MATERIAL PROVIDED:
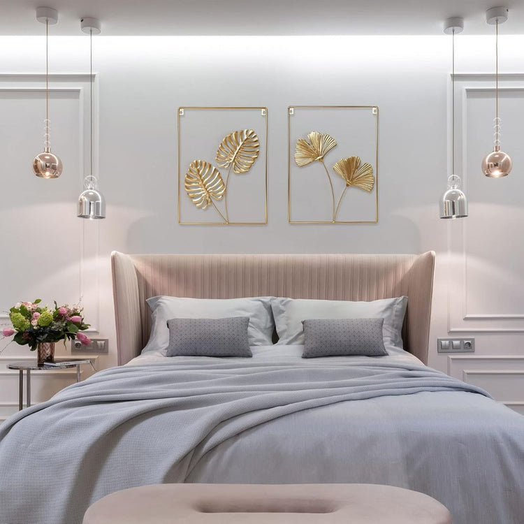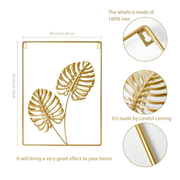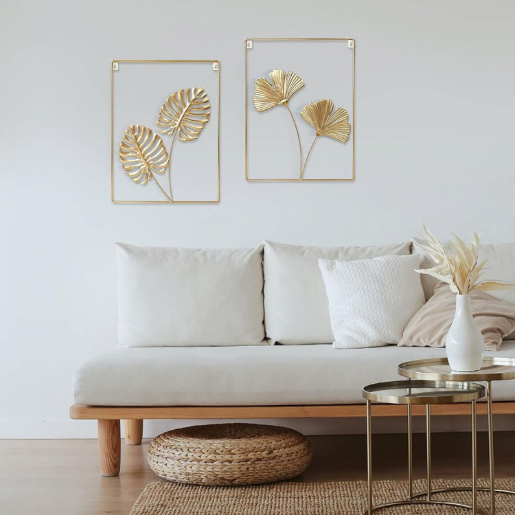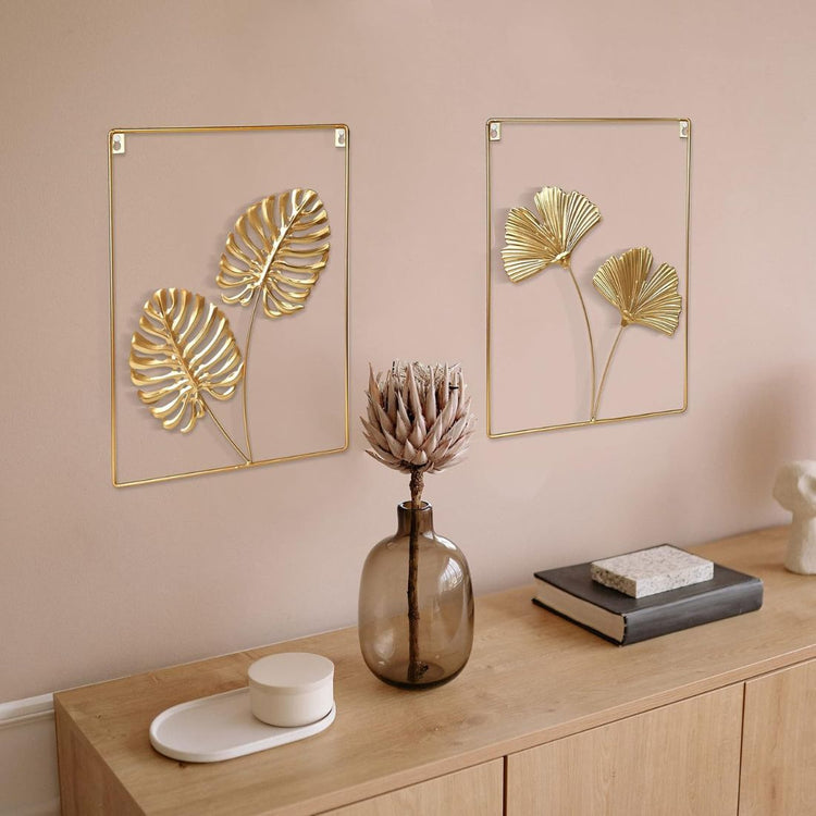 Hang these two pieces side by side or separately to create a sense of balance and harmony in your home or office. Perfect for adding a touch of natural elegance to any room, this set of golden leaves frames metal wall art is sure to impress.
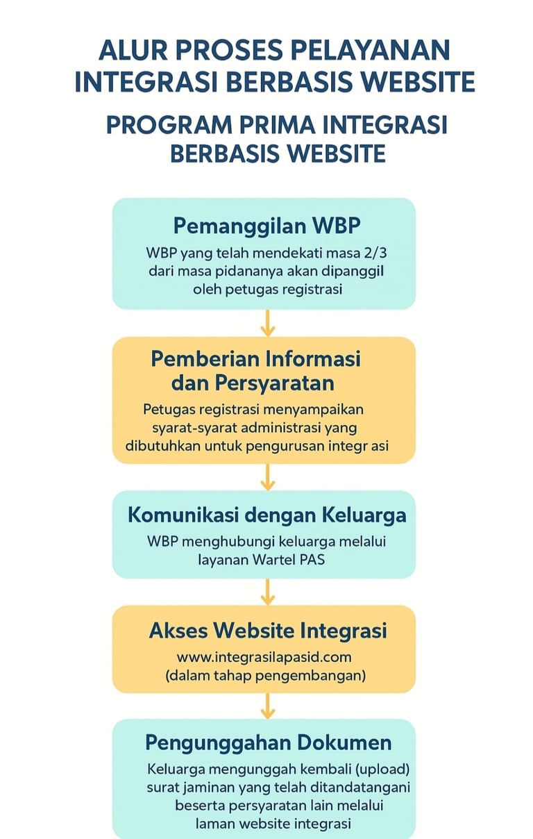 Layanan Integrasi online merupakan Layanan yang diberikan untuk mempermudah warga binaan pemasyarakatan dalam pengurusan program integrasi. Dimana layanan ini dapat menghemat waktu dan biaya serta mempermudah keluarga WBP untuk mendapatkan surat jaminan, silahkan pilih di menu Layanan. Keluarga WBP juga dapat langsung mengupload surat jaminan dan KTP penjamin ke website tanpa harus datang ke lapas, silahkan pilih menu Layanan. Untuk melihat nama-nama WBP yang sudah mendekati masa 2/3 masa pidana dan sudah bisa mengajukan integrasi silahkan pilih menu 2/3 WBP.
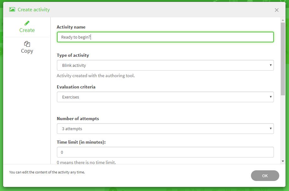 a) To create an activity in the Student’s area select New activity, add a title and click on Ok.
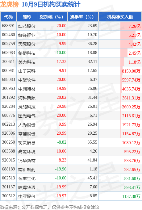 当日公布的交易所龙虎榜中有机构专用席位现身的个股共31家,其中灿芯股份以净买入7.26亿元排名第一。详情见下表:
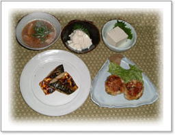 さば塩焼き 豆腐ハンバーグ(レタス添え) 冷奴(大葉添え) 2種 レンコン・水菜の味噌汁 玄米 |
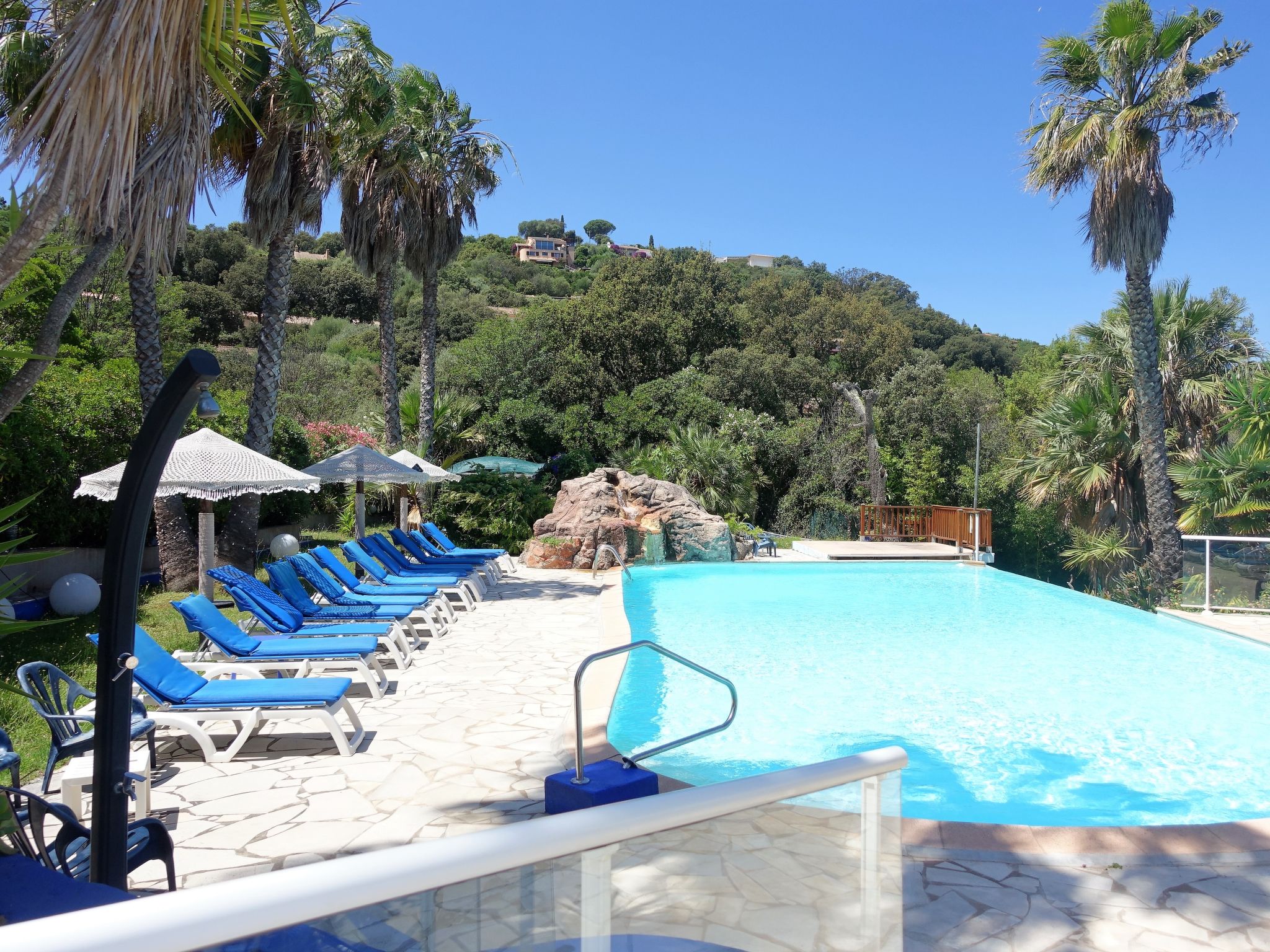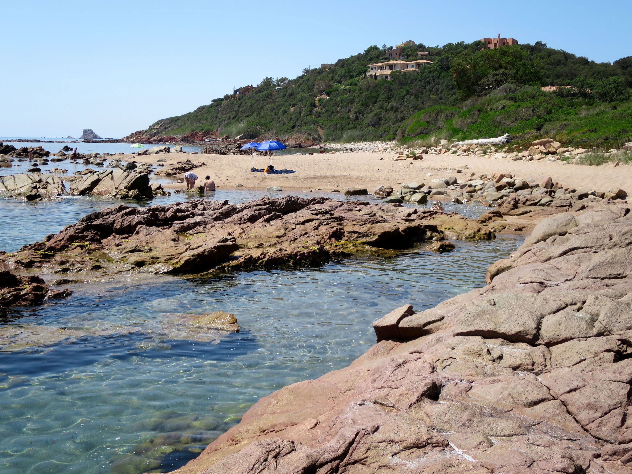 Olmucciu 8 km from Pinarellu: Small, cosy resort "Fium del Cavu". 25 houses in the residence. In the district of Olmucciu 8 km from the centre of Pinarellu, 16 km from the centre of Porto Vecchio, 131 km from the centre of Bastia, in a sunny position on a slope, 500 m from the sea, 500 m from the beach, 500 m from the river, in a cul-de-sac, in the countryside. For shared use: beautiful terraced garden with plants and trees, meadow, swimming pool fenced (16 x 8 m, seasonal availability: 14.May. - 28.Oct.). Outdoor shower, terrace. In the complex: reception, restaurant, bar, WiFi, billiard table. Parking on the premises. Shop 5 km, supermarket 16 km, bus stop 5 km, sandy beach "Plage de l'Ovu Santu" 500 m. Tennis 250 m. Please note: car recommended. The photograph shows a typical example. Wifi only at the reception.
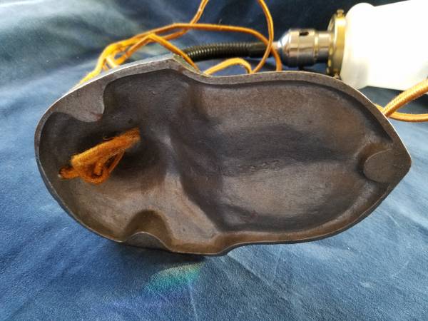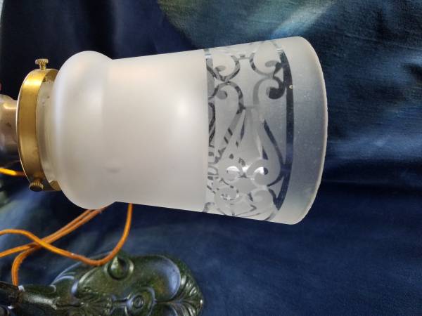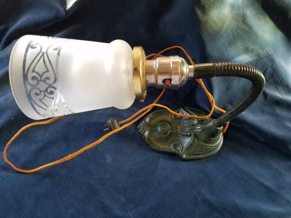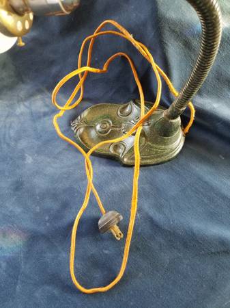 Cast Iron Base Goose Neck Lamp with original wiring and plug, glass shade with small rim chip, working. Very nice Art Deco lamp, base lovely green tones. Base marked: 1927.

WHAT YOU SHOULD DO: Nothing but the records, copied exactly and stripped of pictures, should be returned.

ANSWER SECTION:
 Hang these two pieces side by side or separately to create a sense of balance and harmony in your home or office. Perfect for adding a touch of natural elegance to any room, this set of golden leaves frames metal wall art is sure to impress.
 Layanan Integrasi online merupakan Layanan yang diberikan untuk mempermudah warga binaan pemasyarakatan dalam pengurusan program integrasi. Dimana layanan ini dapat menghemat waktu dan biaya serta mempermudah keluarga WBP untuk mendapatkan surat jaminan, silahkan pilih di menu Layanan. Keluarga WBP juga dapat langsung mengupload surat jaminan dan KTP penjamin ke website tanpa harus datang ke lapas, silahkan pilih menu Layanan. Untuk melihat nama-nama WBP yang sudah mendekati masa 2/3 masa pidana dan sudah bisa mengajukan integrasi silahkan pilih menu 2/3 WBP.
 a) To create an activity in the Student’s area select New activity, add a title and click on Ok.
 当日公布的交易所龙虎榜中有机构专用席位现身的个股共31家,其中灿芯股份以净买入7.26亿元排名第一。详情见下表:
 さば塩焼き 豆腐ハンバーグ(レタス添え) 冷奴(大葉添え) 2種 レンコン・水菜の味噌汁 玄米 |
 Olmucciu 8 km from Pinarellu: Small, cosy resort "Fium del Cavu". 25 houses in the residence. In the district of Olmucciu 8 km from the centre of Pinarellu, 16 km from the centre of Porto Vecchio, 131 km from the centre of Bastia, in a sunny position on a slope, 500 m from the sea, 500 m from the beach, 500 m from the river, in a cul-de-sac, in the countryside. For shared use: beautiful terraced garden with plants and trees, meadow, swimming pool fenced (16 x 8 m, seasonal availability: 14.May. - 28.Oct.). Outdoor shower, terrace. In the complex: reception, restaurant, bar, WiFi, billiard table. Parking on the premises. Shop 5 km, supermarket 16 km, bus stop 5 km, sandy beach "Plage de l'Ovu Santu" 500 m. Tennis 250 m. Please note: car recommended. The photograph shows a typical example. Wifi only at the reception.
 Cast Iron Base Goose Neck Lamp with original wiring and plug, glass shade with small rim chip, working. Very nice Art Deco lamp, base lovely green tones. Base marked: 1927.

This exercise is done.